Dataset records
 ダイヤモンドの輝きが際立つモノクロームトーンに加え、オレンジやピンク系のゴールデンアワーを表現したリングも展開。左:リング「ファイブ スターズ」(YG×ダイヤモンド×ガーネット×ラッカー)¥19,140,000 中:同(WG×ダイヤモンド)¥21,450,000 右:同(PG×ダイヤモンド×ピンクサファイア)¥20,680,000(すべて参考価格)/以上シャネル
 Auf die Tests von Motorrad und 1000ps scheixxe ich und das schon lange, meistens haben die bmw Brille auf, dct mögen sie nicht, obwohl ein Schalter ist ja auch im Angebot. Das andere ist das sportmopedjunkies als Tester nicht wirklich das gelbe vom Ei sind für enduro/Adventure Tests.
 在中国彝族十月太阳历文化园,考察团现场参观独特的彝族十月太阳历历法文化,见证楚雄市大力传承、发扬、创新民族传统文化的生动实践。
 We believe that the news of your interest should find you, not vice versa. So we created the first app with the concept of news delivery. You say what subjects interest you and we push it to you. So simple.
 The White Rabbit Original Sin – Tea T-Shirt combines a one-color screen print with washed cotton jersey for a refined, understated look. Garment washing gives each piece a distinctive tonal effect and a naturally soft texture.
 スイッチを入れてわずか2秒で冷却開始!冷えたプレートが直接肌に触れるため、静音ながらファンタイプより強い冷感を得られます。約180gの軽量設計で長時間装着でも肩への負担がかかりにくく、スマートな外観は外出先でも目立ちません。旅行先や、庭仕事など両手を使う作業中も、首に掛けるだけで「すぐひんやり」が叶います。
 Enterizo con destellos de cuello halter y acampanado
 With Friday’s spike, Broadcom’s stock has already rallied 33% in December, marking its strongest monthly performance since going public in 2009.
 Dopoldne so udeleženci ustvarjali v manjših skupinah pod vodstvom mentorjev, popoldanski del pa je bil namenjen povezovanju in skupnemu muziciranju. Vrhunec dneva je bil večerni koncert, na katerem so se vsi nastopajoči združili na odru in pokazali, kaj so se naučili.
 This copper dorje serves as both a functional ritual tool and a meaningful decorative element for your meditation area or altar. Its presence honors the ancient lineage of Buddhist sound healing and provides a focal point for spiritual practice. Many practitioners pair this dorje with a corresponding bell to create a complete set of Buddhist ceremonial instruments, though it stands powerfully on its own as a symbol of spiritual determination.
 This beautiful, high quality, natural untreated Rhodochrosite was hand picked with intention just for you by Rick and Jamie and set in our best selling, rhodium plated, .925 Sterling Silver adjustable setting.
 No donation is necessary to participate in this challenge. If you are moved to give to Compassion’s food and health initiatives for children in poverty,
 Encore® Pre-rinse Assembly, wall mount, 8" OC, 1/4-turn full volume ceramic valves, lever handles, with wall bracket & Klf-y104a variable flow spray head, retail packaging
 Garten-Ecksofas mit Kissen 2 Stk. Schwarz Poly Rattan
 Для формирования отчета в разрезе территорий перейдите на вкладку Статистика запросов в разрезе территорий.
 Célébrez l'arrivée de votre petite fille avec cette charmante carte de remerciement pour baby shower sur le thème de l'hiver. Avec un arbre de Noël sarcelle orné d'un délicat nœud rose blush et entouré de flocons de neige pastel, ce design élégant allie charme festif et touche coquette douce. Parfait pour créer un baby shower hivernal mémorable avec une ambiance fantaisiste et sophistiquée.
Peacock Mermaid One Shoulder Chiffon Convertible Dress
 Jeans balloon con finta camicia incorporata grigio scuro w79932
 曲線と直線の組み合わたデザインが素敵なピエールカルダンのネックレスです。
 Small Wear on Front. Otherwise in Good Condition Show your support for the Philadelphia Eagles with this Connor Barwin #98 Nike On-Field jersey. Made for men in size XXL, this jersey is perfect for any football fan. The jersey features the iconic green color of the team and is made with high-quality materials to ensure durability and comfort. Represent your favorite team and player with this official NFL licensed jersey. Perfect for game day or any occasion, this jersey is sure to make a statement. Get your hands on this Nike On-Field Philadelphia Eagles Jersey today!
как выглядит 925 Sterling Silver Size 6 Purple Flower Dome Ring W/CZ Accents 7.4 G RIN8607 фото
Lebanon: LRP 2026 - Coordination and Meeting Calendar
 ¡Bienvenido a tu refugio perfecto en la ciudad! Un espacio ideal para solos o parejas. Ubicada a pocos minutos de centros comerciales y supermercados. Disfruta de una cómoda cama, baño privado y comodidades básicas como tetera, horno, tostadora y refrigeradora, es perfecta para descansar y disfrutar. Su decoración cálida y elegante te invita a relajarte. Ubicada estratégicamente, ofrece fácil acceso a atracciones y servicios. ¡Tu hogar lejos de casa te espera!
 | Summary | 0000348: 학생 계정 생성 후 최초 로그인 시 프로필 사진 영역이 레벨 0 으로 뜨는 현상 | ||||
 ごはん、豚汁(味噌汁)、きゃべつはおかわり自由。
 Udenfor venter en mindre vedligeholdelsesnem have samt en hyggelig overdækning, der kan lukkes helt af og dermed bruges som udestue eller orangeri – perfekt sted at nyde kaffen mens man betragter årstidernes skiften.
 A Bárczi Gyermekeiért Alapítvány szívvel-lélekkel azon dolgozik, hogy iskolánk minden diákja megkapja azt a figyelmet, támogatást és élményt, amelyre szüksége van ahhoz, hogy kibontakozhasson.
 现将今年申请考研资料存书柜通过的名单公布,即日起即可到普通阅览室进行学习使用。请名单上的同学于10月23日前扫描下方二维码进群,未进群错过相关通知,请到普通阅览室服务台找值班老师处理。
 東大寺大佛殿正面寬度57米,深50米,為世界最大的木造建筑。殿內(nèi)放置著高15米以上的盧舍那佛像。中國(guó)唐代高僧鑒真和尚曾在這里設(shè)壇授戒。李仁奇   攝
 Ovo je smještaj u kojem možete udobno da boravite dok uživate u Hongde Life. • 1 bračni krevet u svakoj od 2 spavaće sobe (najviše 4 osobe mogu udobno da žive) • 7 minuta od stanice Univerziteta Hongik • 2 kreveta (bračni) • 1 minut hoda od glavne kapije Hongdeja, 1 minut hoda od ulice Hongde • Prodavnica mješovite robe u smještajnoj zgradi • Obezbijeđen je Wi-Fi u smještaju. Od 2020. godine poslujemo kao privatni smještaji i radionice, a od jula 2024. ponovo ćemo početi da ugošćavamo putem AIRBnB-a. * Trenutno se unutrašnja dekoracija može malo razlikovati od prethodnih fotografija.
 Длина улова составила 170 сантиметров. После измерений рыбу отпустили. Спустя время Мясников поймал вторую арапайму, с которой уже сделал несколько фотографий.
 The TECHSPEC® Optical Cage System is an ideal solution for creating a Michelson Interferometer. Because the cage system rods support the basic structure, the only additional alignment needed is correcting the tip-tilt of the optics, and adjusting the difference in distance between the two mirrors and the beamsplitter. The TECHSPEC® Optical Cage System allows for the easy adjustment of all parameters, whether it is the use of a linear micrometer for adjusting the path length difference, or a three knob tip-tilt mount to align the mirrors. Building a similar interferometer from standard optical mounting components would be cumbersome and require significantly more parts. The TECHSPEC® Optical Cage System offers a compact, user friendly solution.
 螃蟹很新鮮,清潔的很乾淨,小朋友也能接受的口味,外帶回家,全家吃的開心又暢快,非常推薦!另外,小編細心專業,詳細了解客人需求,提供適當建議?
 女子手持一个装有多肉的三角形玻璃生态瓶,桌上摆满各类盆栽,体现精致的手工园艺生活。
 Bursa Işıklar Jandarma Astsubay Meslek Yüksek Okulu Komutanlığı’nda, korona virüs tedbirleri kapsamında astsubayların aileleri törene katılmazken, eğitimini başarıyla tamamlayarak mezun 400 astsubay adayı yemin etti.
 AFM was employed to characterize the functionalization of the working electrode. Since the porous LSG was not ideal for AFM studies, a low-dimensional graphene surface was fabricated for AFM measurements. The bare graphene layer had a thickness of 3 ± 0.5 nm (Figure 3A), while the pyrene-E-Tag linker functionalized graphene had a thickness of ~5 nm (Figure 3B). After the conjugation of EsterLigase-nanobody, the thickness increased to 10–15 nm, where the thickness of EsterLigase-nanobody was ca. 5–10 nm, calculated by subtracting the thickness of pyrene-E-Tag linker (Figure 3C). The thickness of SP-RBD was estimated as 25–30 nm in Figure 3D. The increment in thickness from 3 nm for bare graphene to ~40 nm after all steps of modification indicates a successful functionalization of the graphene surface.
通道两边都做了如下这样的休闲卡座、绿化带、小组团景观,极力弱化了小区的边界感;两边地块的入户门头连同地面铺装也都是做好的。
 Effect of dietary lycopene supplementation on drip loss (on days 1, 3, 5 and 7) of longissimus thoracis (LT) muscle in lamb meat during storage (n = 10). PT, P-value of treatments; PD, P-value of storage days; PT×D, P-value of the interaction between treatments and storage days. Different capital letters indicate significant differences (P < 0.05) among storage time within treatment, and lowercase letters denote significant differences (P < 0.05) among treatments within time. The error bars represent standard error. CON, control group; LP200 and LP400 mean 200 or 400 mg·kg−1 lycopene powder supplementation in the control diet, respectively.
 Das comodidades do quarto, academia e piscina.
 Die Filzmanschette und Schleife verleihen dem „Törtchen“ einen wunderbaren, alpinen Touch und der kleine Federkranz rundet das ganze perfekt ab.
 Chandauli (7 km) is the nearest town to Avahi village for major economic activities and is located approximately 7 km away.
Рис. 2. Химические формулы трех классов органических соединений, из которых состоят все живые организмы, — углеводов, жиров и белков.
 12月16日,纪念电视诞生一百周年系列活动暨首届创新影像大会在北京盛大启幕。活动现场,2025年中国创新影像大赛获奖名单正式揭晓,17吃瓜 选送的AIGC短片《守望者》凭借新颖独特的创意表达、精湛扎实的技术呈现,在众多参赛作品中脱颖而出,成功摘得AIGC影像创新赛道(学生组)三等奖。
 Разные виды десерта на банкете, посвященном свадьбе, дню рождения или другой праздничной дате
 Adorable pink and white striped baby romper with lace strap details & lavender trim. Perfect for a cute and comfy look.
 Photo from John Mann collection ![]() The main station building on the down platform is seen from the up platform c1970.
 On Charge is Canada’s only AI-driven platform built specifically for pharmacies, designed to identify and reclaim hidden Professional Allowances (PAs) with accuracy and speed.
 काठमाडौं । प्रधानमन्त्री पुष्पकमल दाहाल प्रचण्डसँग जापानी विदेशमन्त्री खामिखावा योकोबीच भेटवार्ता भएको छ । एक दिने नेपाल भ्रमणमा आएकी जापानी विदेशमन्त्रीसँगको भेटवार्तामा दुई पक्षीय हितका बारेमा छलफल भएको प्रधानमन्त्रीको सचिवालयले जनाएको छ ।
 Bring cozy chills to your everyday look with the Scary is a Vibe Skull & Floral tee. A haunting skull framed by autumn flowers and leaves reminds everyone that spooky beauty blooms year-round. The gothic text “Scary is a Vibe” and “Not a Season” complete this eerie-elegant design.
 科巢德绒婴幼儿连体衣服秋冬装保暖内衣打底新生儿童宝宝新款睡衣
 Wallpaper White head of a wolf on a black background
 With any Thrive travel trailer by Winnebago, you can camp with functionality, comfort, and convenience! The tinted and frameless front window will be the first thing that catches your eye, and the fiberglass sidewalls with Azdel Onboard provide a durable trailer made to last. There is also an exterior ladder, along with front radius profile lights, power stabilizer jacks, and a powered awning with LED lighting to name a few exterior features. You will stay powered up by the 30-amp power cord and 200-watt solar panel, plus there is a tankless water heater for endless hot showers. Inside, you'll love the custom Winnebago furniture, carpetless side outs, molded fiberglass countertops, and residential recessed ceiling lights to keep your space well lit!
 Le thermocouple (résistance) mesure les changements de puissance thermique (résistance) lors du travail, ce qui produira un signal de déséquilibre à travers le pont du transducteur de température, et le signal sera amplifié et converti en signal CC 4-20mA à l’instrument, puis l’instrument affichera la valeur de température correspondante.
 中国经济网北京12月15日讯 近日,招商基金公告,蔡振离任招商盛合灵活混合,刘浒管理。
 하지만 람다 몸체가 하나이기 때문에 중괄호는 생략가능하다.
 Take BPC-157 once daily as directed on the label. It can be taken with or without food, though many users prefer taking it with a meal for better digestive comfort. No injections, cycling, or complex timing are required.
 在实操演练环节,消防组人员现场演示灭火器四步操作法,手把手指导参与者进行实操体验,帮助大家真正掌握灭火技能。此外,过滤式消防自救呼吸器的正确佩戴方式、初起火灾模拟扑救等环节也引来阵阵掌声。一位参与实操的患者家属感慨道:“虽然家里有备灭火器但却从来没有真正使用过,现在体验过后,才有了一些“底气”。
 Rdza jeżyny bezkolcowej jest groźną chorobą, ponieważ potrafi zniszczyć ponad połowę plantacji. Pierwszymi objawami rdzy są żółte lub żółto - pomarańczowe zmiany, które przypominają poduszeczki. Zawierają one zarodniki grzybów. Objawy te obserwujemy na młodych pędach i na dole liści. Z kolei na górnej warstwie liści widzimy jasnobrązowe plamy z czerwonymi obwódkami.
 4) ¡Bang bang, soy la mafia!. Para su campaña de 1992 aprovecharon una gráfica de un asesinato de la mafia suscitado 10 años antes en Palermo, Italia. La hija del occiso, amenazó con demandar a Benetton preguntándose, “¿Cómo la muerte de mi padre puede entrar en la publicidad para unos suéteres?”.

_Assignment_:
Answer with a number alone: how many lines of the records contain the string "look"?

_Result of the exercise_:
3